Growing population, expanding global economy, urbanization with rising standard of living have dangerously accelerated waste generation in the world. It is expected to reach over 3.4 billion tons of waste per year by 2050, roughly a 70% increase.  One such goal involves separating the waste mix into different fractions, such as recyclable wood, metal, glass, and plastic, which in turn provides tremendous environmental benefits in terms of virgin material substitution, avoided energy demand, greenhouse gas emissions reduction, and water footprint. An unmet requirement for this technology is a thorough understanding of the principles that govern gas-solid interactions for these very complex granular mixtures.  Thus, there is a need for an "expert system" that can perform particle classification while extracting orientation information for a polydisperse, multiform particle cloud with "minimal monitoring."

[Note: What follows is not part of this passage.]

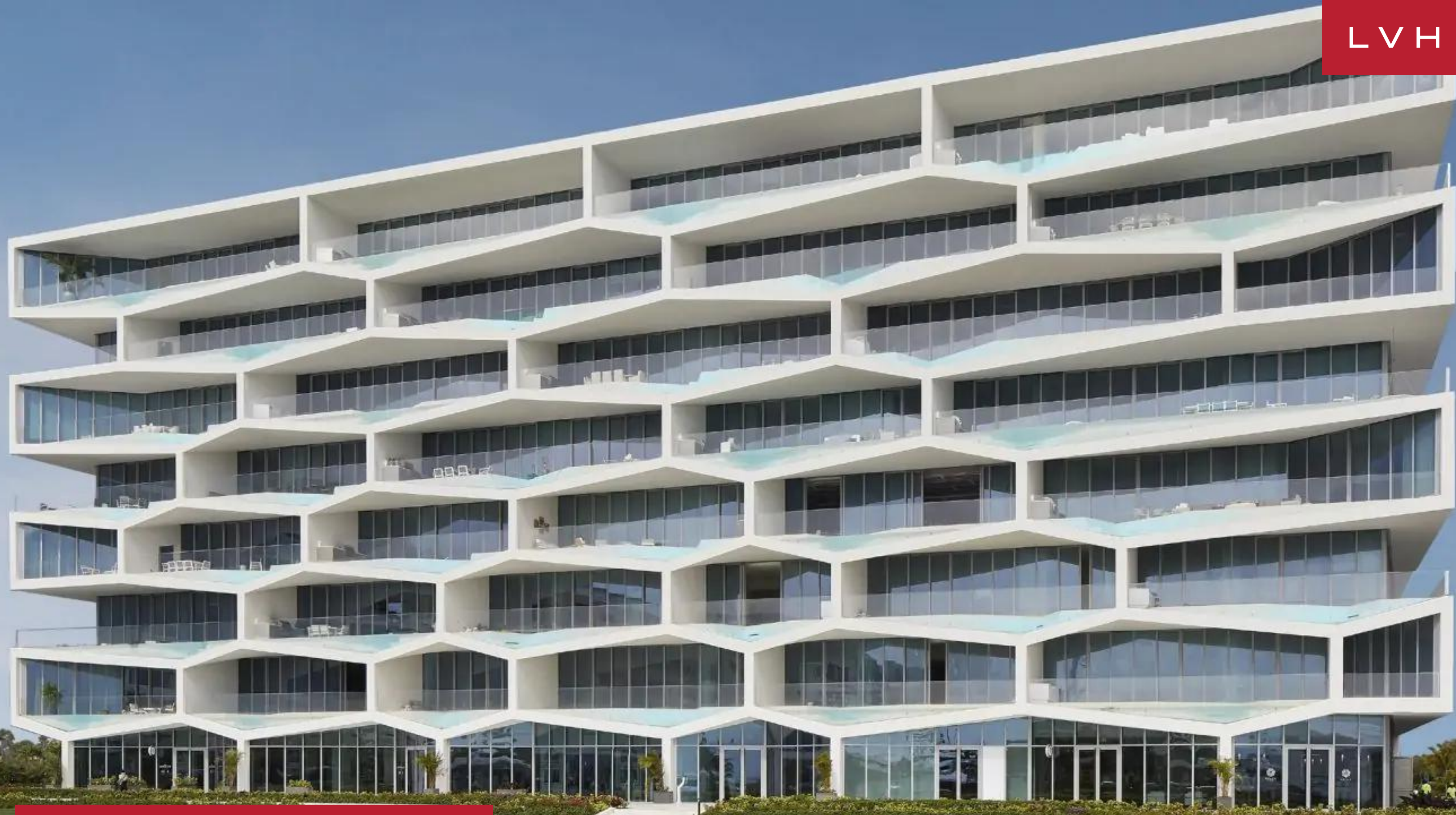
APARTMENT JULIAN ALBANY NEW PROVIDENCE ISLAND, BAHAMAS

In this project, the primary goal is to develop an AI-based platform to solve this image classification and orientation tendency problem for the waste separation process in the "zero waste" cycle. The platform will leverage two of the most triumphant implementations of narrow AI, image processing and generative learning, to accomplish both tasks. Following the successful demonstration of the developed particle field information extraction platform, the next step is to synchronize the model with a symbolic model and upgrade the platform to a "Neuro-Symbolic Particle Analyser" for the discovery of turbulence-granule interactions. This interface has the potential to help solve the problem of turbulence-granule interactions in a proactive manner by allowing us to explore the underlying dynamics and extract explicit correlations - an important strategic step towards achieving the goal of "zero waste cities".